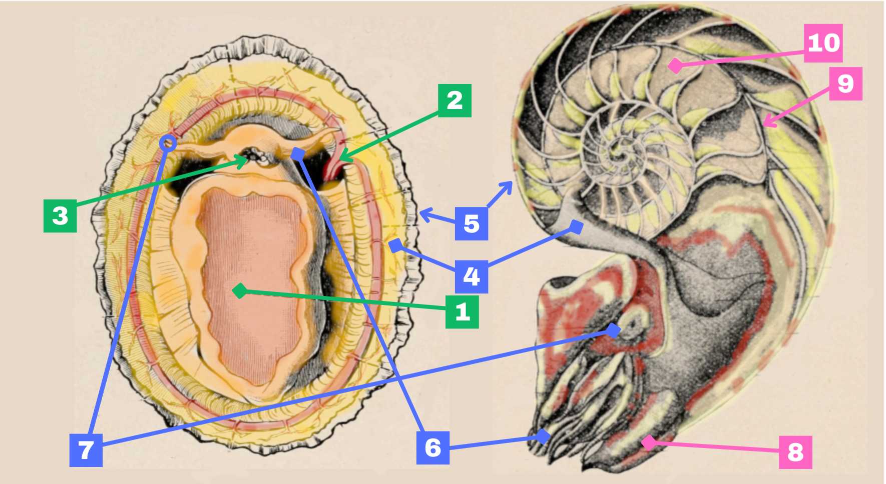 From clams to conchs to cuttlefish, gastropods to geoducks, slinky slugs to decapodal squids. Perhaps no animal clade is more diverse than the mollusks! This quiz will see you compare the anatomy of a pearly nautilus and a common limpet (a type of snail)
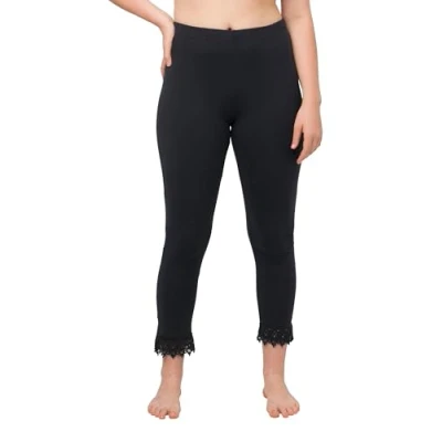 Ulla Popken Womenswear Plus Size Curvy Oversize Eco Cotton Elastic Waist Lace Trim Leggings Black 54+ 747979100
---
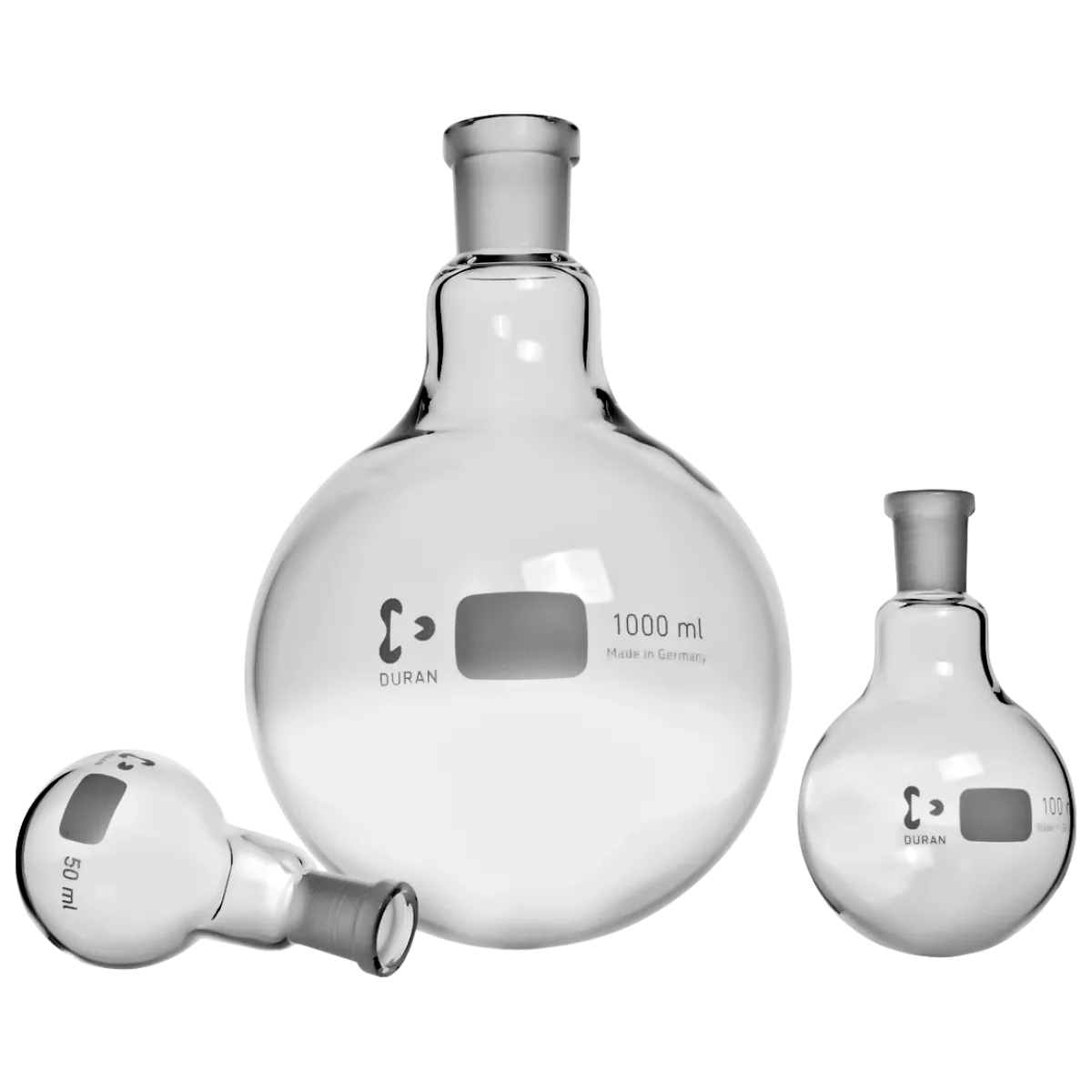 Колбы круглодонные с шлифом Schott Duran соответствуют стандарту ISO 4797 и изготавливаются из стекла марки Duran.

**WHAT TO DO:** In the listing above, find the line containing "From clams to" and the line containing "Ulla Popken Womenswear", then return both of them and every line between, exactly, without pictures.

**WRITTEN REPLY:**
 From clams to conchs to cuttlefish, gastropods to geoducks, slinky slugs to decapodal squids. Perhaps no animal clade is more diverse than the mollusks! This quiz will see you compare the anatomy of a pearly nautilus and a common limpet (a type of snail)
 Ulla Popken Womenswear Plus Size Curvy Oversize Eco Cotton Elastic Waist Lace Trim Leggings Black 54+ 747979100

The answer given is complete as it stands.